Innovative lightweight deep learning architecture for enhanced rice pest identification

Abstract

Pest detection is a crucial aspect of rice production. Accurate and timely identification of rice pests can assist farmers in taking prompt measures for control. To enhance the precision and real-time performance of rice pest detection, this paper introduces a novel YOLOv8-SCS architecture that integrates Space-to-Depth Convolution (SPD-Conv), Context Guided block (CG block), and Slide Loss.
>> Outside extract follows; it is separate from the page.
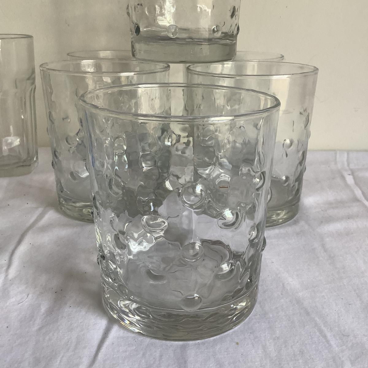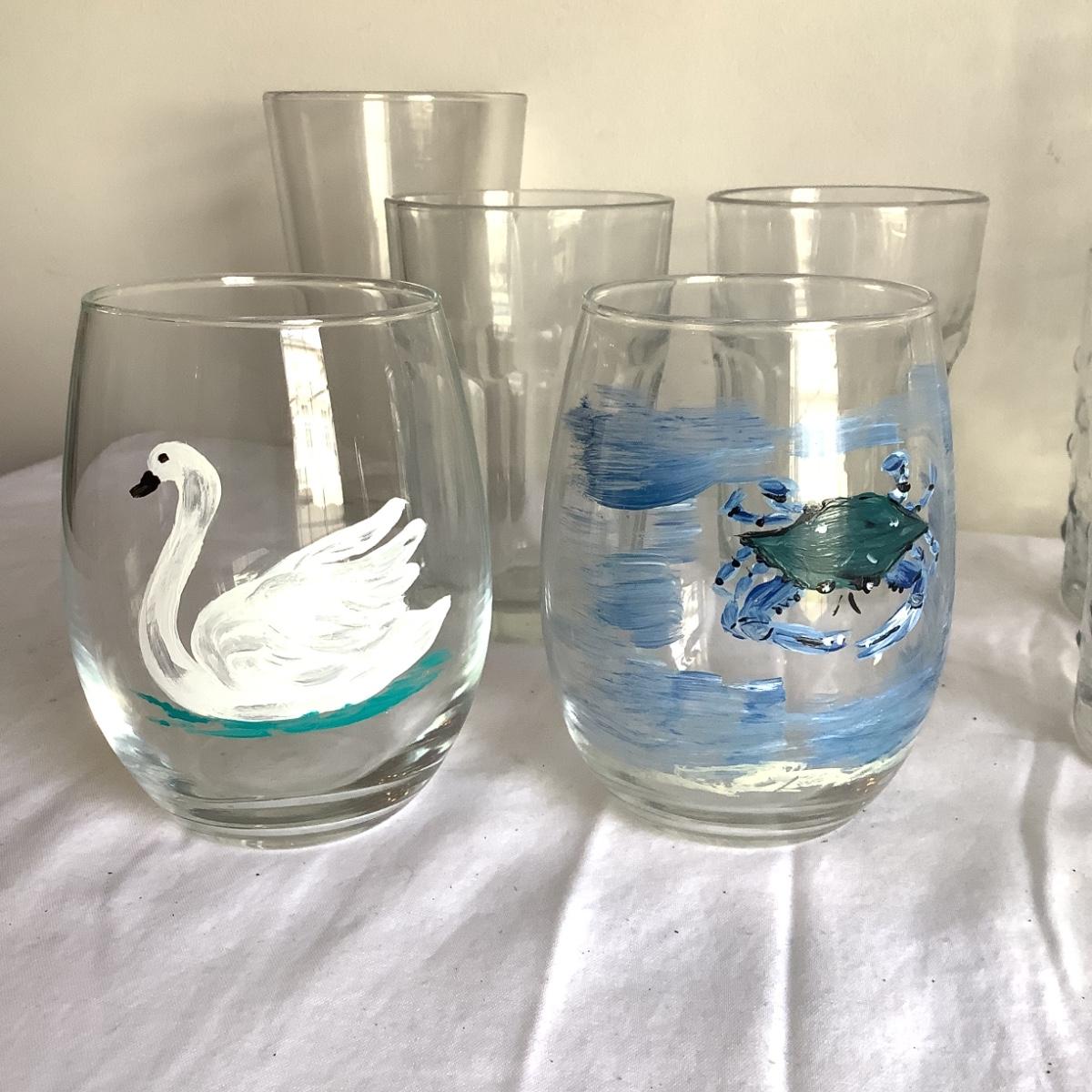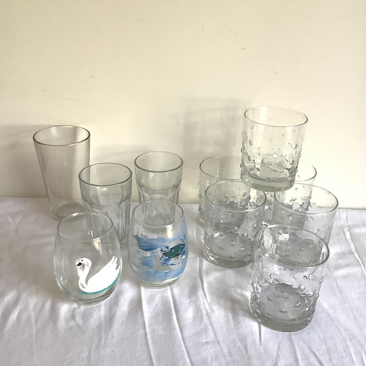 This assortment of glasses comes with, one tall clear vase-shaped glass, two textured glasses, one small round glass with hand painted swan, one small round glass with hand painted crab, and 6 bubbled-textured glasses.

Initially, the original algorithm’s convolutional module is improved by introducing the SPD-Conv module, which reorganises the input channel dimensions into spatial dimensions, enabling the model to capture fine-grained pest features more efficiently while maintaining a lightweight model architecture. Subsequently, the CG block module is integrated into the CSPDarknet53 to 2-Stage FPN (C2f) structure, maintaining the models lightweight nature while enhancing its feature extraction capabilities. Finally, the Binary Cross-Entropy (BCE) is refined by incorporating the Slide Loss function, which encourages the model to focus more on challenging samples during training, thereby improving the model’s generalization across various samples. To validate the effectiveness of the improved algorithm, a series of experiments were conducted on a rice pest dataset. The results demonstrate that the proposed model outperforms the original YOLOv8 in rice pest detection, achieving an mAP of 87.9%, which is a 5.7% improvement over the original YOLOv8. The model also features a 44.1% reduction in parameter count and a decrease of 11.7 GFLOPs in computational requirements, meeting the demands for real-time detection.